Outro aspecto do império de Musk que desperta a ira de seus críticos é o X, a rede social antes conhecida como Twitter.
“Ele comprou o Twitter para ter influência e conseguir, num piscar de olhos, alcançar centenas de milhões de pessoas”, afirma Donovan.
Crédito, Getty Images
Marca pessoal
Há, no entanto, uma outra possibilidade.
Será que o desentendimento de Musk com Trump poderia ajudar a reabilitar o bilionário entre as pessoas que passaram a rejeitá-lo por sua proximidade com o republicano?
Patrick Moorhead, analista-chefe da consultoria Moor Insights & Strategy, acredita que sim.
“Somos um país muito tolerante”, afirma Moorhead.
“Essas coisas levam tempo”, ele reconhece, mas “não é inédito”.
Swisher traz como exemplo o cofundador da Microsoft, Bill Gates.
Há mais de duas décadas, diz a jornalista, Gates era considerado “o Darth Vader [vilão de Guerra nas Estrelas] do Vale do Silício” por causa de sua personalidade “arrogante e rude”.
Hoje, em geral, Gates recuperou fortemente sua imagem.
“Ele aprendeu. Ele cresceu. As pessoas podem mudar”, analisa Swisher, ponderando, porém, que Musk está “claramente perturbado”.
Saída pelo espaço
O problema para Musk é que o futuro dele e de suas empresas não depende apenas do que ele faz, mas também às decisões de Trump.
E embora Trump tenha precisado de Musk no passado, principalmente para financiar sua campanha eleitoral, não está tão claro se ele precisa agora.
Noah Smith, autor do blog Noahpinion Substack, avalia que a incursão altamente lucrativa de Trump em criptomoedas — por mais indecorosa que tenha sido — pode tê-lo libertado da dependência de Musk.

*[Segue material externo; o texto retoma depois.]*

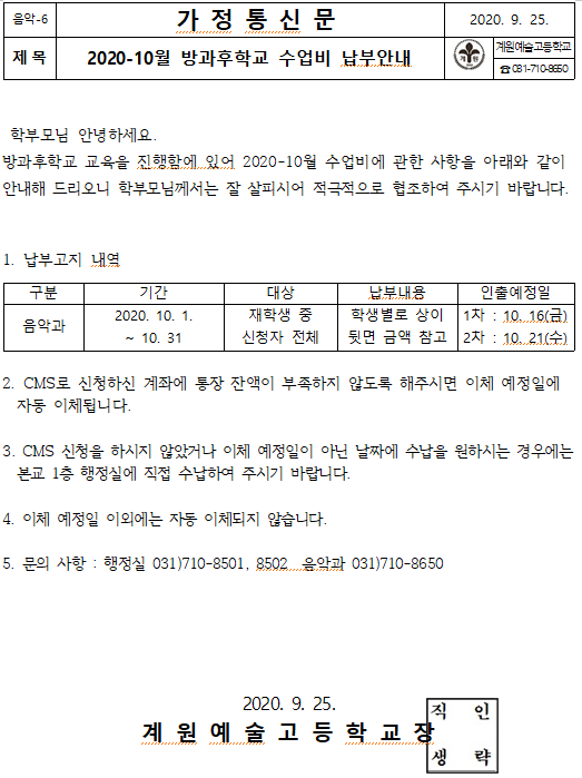 (À½¾Ç°ú)2020-10¿ù ¹æ°úÈÄÇб³ ¼ö¾÷ºñ ³³ºÎ ¾È³»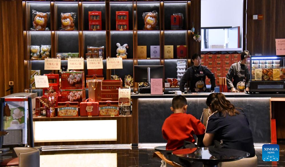 Customers look at cultural creative products of Quanjude at one of its experience stores on the Qianmen Street in Beijing, capital of China, March 25, 2025. (Xinhua/Li Xin)

“Meu palpite é que isso foi feito para que ele pudesse se livrar de Elon Musk”, afirma Smith.
No comentário mais ameaçador da quinta-feira, Trump sugeriu cortar os contratos governamentais com empresas de Musk, que têm um valor estimado de US$ 38 bilhões.
Uma parte significativa disso vai para a empresa espacial SpaceX — o que aparentemente ameaça seu futuro.

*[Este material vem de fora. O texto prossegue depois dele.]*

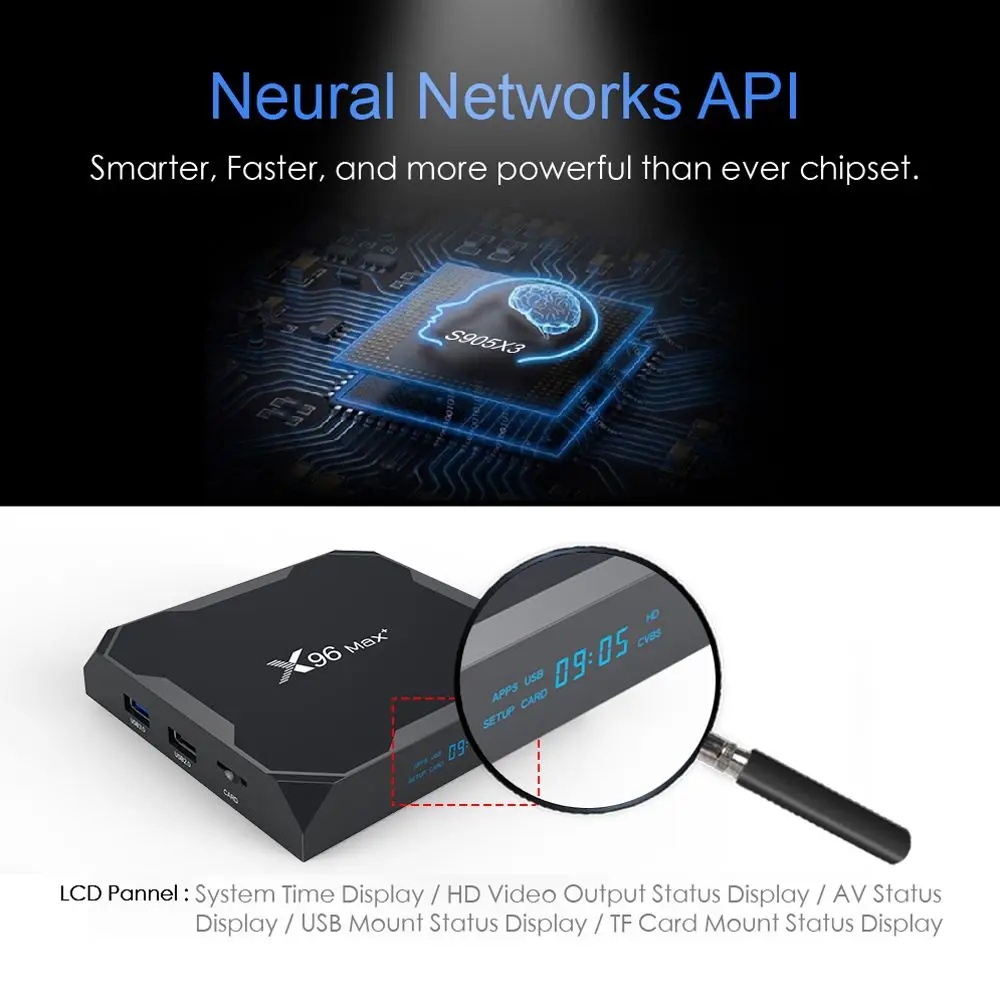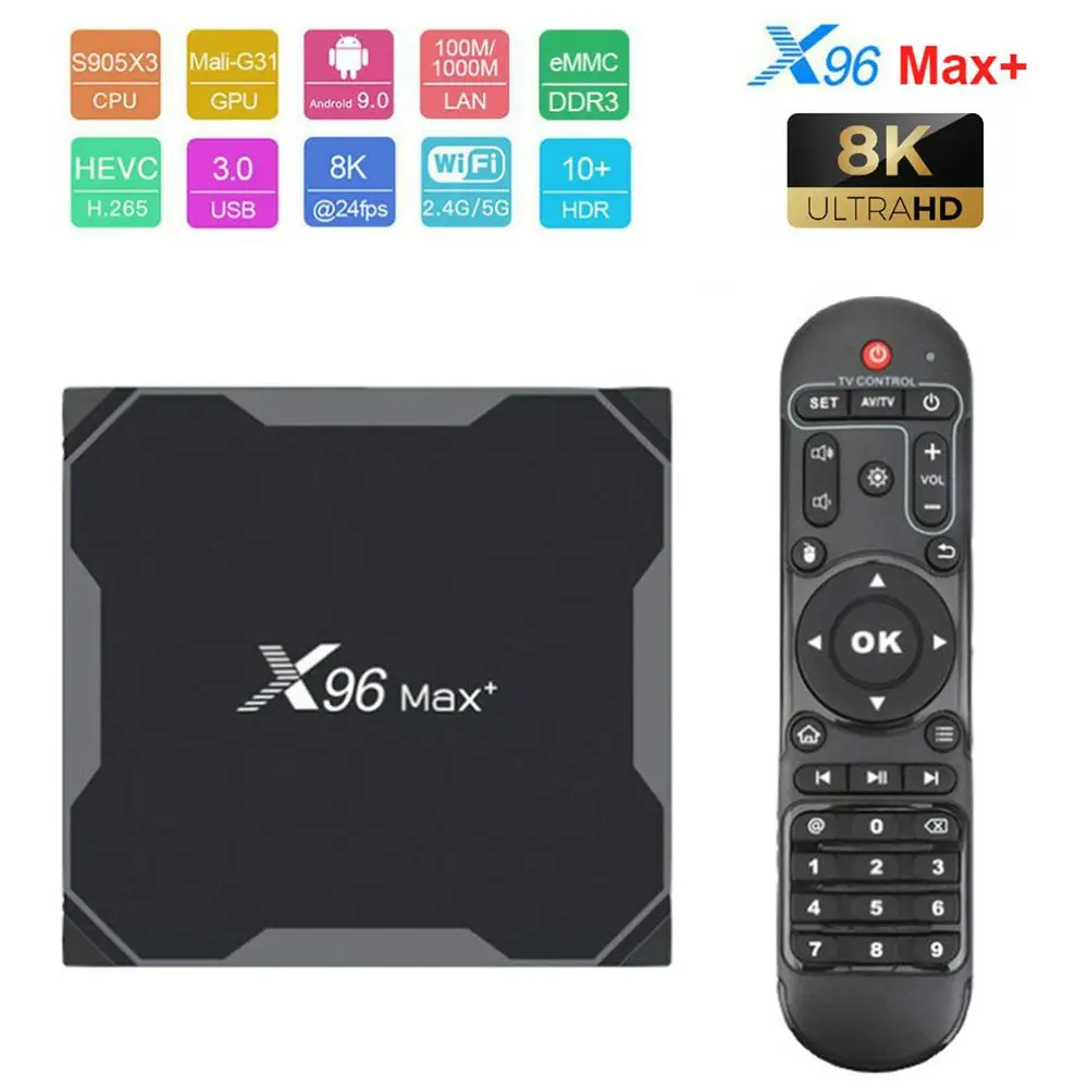 Последний ТВ-бокс в 2021, поддерживает разрешение 8/4K, наслаждайтесь суперчеткими изображениями и захватывающим эффектом просмотра.Технология декодирования H.265 экономит половину полосы пропускания, чем H.264, поэтому она может показать яркие и насыщенные детали изображения.4 ГБ Оперативная память и 32/64/128 ГБ Встроенная память, большая емкость позволяет загружать больше приложений и игр в вашем ТВ коробка.Четырехъядерный процессор Amlogic S905X3 предназначен для плавной и гибкой работы, не беспокойтесь о проблеме медленной работы.Последняя Система Android 9,0 с открытым исходным кодом, вы можете наслаждаться всем, что вам нравится.Поддержка версии HDMI 2,1, удобно передавать фотографии, видео на экран телевизора.2,4G/5,8G dual WIFI и bluetooth 4,1 подключение обеспечивает более стабильный беспроводной сигнал для вас, чтобы наслаждаться HD медиа и играть в игры.Поддержка s мыши и клавиатуры через usb-порт; Также поддержка 2,4 ГГц беспроводной мыши и клавиатуры через 2,4G USB ключ.Многоразовые сцены: офисная работа, Домашние развлечения, демонстрация встреч, школьное образование, цифровая реклама и т. д.Характеристики:-Процессор: Amlogic S905X3 64-разрядный четырехъядерный процессор ARM®Cortex A55-GPU: G31 MP2-ОС Android 9,0-ОЗУ/ПЗУ: 2 ГБ/16 ГБ, 4 ГБ/32 ГБ, 4 ГБ/64 ГБ-Поддержка HD: 8K x 4k @ 24fps, 4K x 2k @ 30fps, UHD, HDR +, Airplay, Miracast-Поддержка HD 2,1, USB3.0, USB2.0-Поддержка 2,4 GHz Wifi/2,4G + 5,8 GHz Dual Wifi, BT4.1-Голосовая воздушная мышь может включить ТВ-бокс (если вы покупаете голосовую воздушную мышь и ТВ-приставка от нас).-Поддержка обновления прошивки онлайн-Поддерживает несколько защищенных сеансов декодирования видео и одновременное декодирование и кодирование-Декодирование видео/изображений-Профиль VP9-2 до 8K x 4K 24 fps-H.265 HEVC MP-10 L5.1 до 8K x 4K 24 fps-AVS2-P2 профиль до 8K x 4K 24 fps-H.264 AVC HP L5.1 до 4K x 2K 30fps-MPEG-4 ASP L5 до 1080P 60fps (ISO-14496)-WMV/VC-1 SP/MP/AP до 1080P 60fps-AVS-P16(AVS +) /AVS-P2 JiZhun профиль до 1080P 60fps-MPEG-2 MP/HL до 1080P 60fps (ISO-13818)-MPEG-1 MP/HL до 1080 60fps (ISO-11172)-RealVideo 8/9/10 до 1080P 60fps-Поддержка нескольких языков и нескольких форматов-MJPEG и JPEG неограниченное разрешение пикселей декодирование (ISO/IEC-10918)-Поддержка JPEG thumbnail, масштабирование, вращение и эффекты перехода-Поддерживает *. МкВ, *.wmv,*.mpg, *.mpeg, *.dat, *.avi, *.mov, *.iso, *.mp4, *.rm и *. Форматы файлов jpgПосылка товара:1 x X96 Max Plus Android TV Box1 x адаптер питания (DC 5V/2A)1 х HDMI кабель1 пульт дистанционного управленияРуководство пользователя (на английском языке)-1 шт.Есть 3 варианта для X96Max +:2 ГБ + 16 Гб: 2,4G Wifi4 Гб + 32 Гб: 2,4G & Wi-Fi 5 ГГц двухъядерный процессор Wi-Fi + BT4.14 Гб + 64 Гб: 2,4G & Wi-Fi 5 ГГц двухъядерный процессор Wi-Fi + BT4.1

No entanto, o alerta de Trump pode ser um pouco mais vazio do que parece.
Isso porque a nave espacial Dragon, da SpaceX, transporta pessoas e cargas para a Estação Espacial Internacional, onde três astronautas da Nasa, a agência espacial americana, estão atualmente alocados.
Isso mostra que a SpaceX se imbricou tanto no aparato espacial e de segurança nacional dos EUA que a ameaça de Trump pode ser difícil de concretizar.

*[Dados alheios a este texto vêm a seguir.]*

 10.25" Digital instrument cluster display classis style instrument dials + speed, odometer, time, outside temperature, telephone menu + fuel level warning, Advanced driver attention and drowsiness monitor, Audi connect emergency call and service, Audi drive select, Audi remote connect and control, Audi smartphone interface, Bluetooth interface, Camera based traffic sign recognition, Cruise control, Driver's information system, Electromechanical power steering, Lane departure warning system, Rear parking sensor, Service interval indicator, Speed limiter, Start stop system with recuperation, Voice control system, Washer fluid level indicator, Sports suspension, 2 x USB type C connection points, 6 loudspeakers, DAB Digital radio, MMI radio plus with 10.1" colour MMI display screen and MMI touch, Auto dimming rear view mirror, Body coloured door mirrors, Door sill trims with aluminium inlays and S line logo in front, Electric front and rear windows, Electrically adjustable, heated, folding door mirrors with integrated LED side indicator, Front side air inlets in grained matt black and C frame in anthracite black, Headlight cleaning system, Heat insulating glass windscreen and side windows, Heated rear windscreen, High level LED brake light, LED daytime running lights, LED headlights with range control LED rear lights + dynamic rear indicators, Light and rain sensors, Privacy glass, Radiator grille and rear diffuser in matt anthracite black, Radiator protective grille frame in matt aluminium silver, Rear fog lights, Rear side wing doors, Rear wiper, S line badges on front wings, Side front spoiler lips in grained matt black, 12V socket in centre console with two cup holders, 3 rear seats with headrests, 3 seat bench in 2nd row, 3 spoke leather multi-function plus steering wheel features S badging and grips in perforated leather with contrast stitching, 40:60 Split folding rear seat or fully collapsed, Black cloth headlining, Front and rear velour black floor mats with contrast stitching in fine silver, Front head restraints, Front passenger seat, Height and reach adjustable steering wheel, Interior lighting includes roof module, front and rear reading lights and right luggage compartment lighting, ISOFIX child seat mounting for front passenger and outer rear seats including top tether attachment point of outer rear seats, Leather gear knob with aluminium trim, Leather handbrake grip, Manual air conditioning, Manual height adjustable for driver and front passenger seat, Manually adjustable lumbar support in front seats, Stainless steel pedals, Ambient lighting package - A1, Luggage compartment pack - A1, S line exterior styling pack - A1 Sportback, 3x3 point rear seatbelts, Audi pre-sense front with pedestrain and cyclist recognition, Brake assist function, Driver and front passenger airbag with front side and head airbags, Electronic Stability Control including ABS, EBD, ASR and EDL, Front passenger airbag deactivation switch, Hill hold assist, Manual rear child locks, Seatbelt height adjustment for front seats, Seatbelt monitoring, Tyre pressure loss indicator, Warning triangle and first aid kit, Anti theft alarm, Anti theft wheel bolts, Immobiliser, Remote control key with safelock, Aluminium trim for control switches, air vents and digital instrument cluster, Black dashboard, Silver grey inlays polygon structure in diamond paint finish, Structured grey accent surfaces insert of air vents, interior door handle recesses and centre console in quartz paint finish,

Alguém pode argumentar de forma parecida sobre a empresa de satélites de internet de Musk, a Starlink.
Encontrar uma alternativa a ela pode ser mais fácil na teoria do que na prática.
Mas, se há limites para o que Trump pode fazer, o mesmo também se aplica a Musk.
No meio de sua discussão com o presidente, ele ameaçou desativar a Dragon, mas não demorou muito para recuar.
Respondendo à sugestão de um usuário do X para que ele “se acalmasse”, Musk escreveu: “Bom conselho. Ok, não vamos desativar a Dragon.”
Está claro que a amizade entre Musk e Trump acabou. É menos certo que a dependência mútua tenha chegado ao fim.
Seja qual for o futuro dos negócios de Musk, parece que Trump — e as decisões de seu governo — continuarão a ter grande influência neles.